Censorious SLAPPs: In contrast to Marion, where a restauranteur’s complaint prompted a newsroom raid, the more common playbook for the powerful is drowning critics in legal fees from strategic lawsuits against public participation, or SLAPPS. The New York Times recently wrote about a Wisconsin state senator’s abusive lawsuit and appeal over an article reporting he used a homophobic slur. The ordeal has cost the nonprofit news outlet he sued almost $150,000 so far and may put it out of business.
Prosecuting photography: Photojournalist Stephanie Keith was arrested in May for photographing a vigil for Jordan Neely. This month, prosecutors agreed to an “adjournment in contemplation of dismissal.” That basically means they’ll dismiss the case as long as Keith behaves for the next six months. We understand why Keith would accept that deal rather than waste time fighting baseless charges. But what message does it send when, to avoid prosecution, authorities force a journalist to promise not to … do what exactly? Take pictures?
Ohio’s intimidation tactics: Ohio journalist Derek Myers was charged last year with wiretapping for publishing a source’s recordings from a murder trial. Prosecutors, rather than embarrass themselves in court (the Supreme Court has held journalists are not responsible for sources’ illegal recordings), let their deadline to pursue the case expire this month. As we’ve said, “Officials don’t file these kinds of cases to win but to intimidate.”
Confidentiality undermined: Federal Judge Christopher Cooper ordered journalist Catherine Herridge to identify confidential sources this month. She’s appealing. As we told CNN, “Requiring journalists to reveal their confidential sources deters whistleblowers and others from coming forward.” The case underscores the need for the bipartisan PRESS Act “to make clear that reporters can’t be forced to burn their source.”
Lawmakers play editor: Two legislators — including one known for toting guns in front of Christmas trees — introduced a resolution that condemned “irresponsible and sensationalistic” coverage of mass shootings and then made unsolicited “recommendations” to the press. Ironically, those behind the resolution have previously insisted government attempts to influence content are illegal censorship. They should practice what they preach — Americans don’t elect representatives to tell journalists how to do their jobs.

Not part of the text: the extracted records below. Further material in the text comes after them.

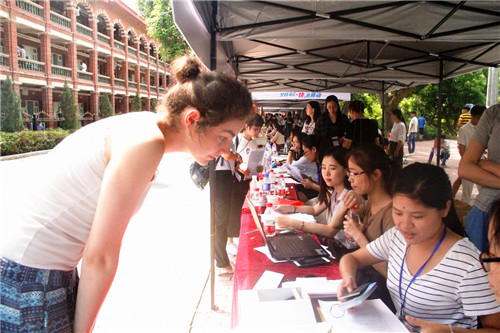 第一天上午10点左右,张荣校长、林东伟副书记来我院迎新点了解迎新进展,对前来报到的同学们表示慰问,询问了新生的基本情况,并与在场的外文师生亲切交流。在我院师生的盛情邀请下,张荣校长和林东伟副书记还亲自参与了“中国梦,我的梦”活动,在世界地图上插上了中国国旗。张荣校长表示,“世界眼光”和“家国情怀”对外文学院的学生意义深远重大,希望所有外文师生都能将此次参加厦门金砖会晤的服务奉献精神传承下去,在国际性舞台上发挥越来越重要的作用。
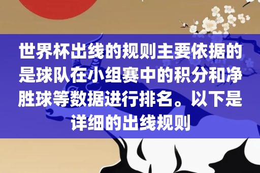 世界杯出线的规则主要依据的是球队在小组赛中的积分和净胜球等数据进行排名。以下是详细的出线规则
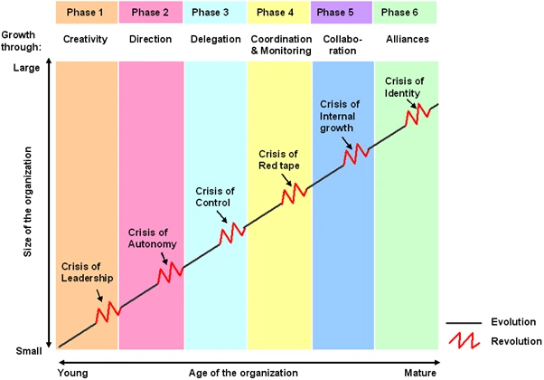 위기: 리더십 위기(Leadership Crisis) - 조직이 성장하면서 관리와 조정의 필요성이 증가했다. 초기 창업자의 비공식적 리더십이 한계에 도달하여, 더 구조적이고 체계적인 관리 방식이 필요해졌다. 이 시점에서 전문 경영자를 채용하거나, 창업자가 리더십 스타일을 변화시키지 않으면 혼란이 발생할 수 있었다. 예를 들어, 스타트업이 성공적으로 성장한 후, 창업자의 리더십 스타일이 조직의 성장을 저해하게 되는 경우가 있었다.
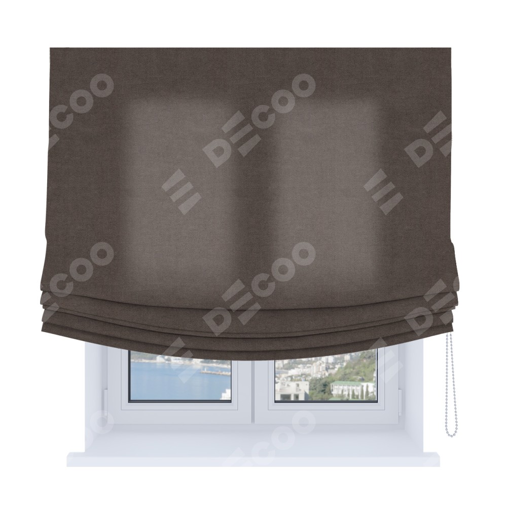 Римская штора Soft производителя «Cortin», используется для проёма, пошита из ткани вельвет коричневый, артикул ткани 14135. Имеет универсальный механизм и подходит для монтажа: на потолок, на стену и в нишу. В отличие от стандартных римских штор, римская штора Soft не имеет горизонтальных вставок и нижнего отвеса. Это позволяет ткани произвольно драпироваться в свободные мягкие складки.

Kansas code of silence: Back in Marion, Record publisher Eric Meyer says the paper investigated why Police Chief Gideon Cody left his prior job in Kansas City before orchestrating the raid. The Kansas City Star reports Cody was under disciplinary review, but police won’t release complaints against him, citing open records exceptions for documents generated during investigations. Obviously, the complaints predate any investigation. It’s the latest abuse of investigative exceptions to open records laws. Marion residents deserve to know the truth about the chief who brought “Hitler tactics” to their town of 1,902.
What can be done
In the Record’s case, Meyer says the paper may sue, and victims of anti-press antics should do so whenever possible. Journalist Bryan Carmody settled for almost $400,000 after San Francisco police raided his home in 2019. Oakland journalist Timothy Ryan also recently settled for $400,000 after he was injured by police in 2020. Settlements like those not only compensate journalists for damages but force officials to think twice about retaliating against the press.
But Marion shows that journalists cannot rely solely on the legal system for recourse — many press freedom violations are perpetrated or enabled by a judiciary that clearly needs a refresher on the First Amendment. Until then, journalists and others should continue calling attention to abuses. Perhaps the court of public opinion will better serve the press than a court of law.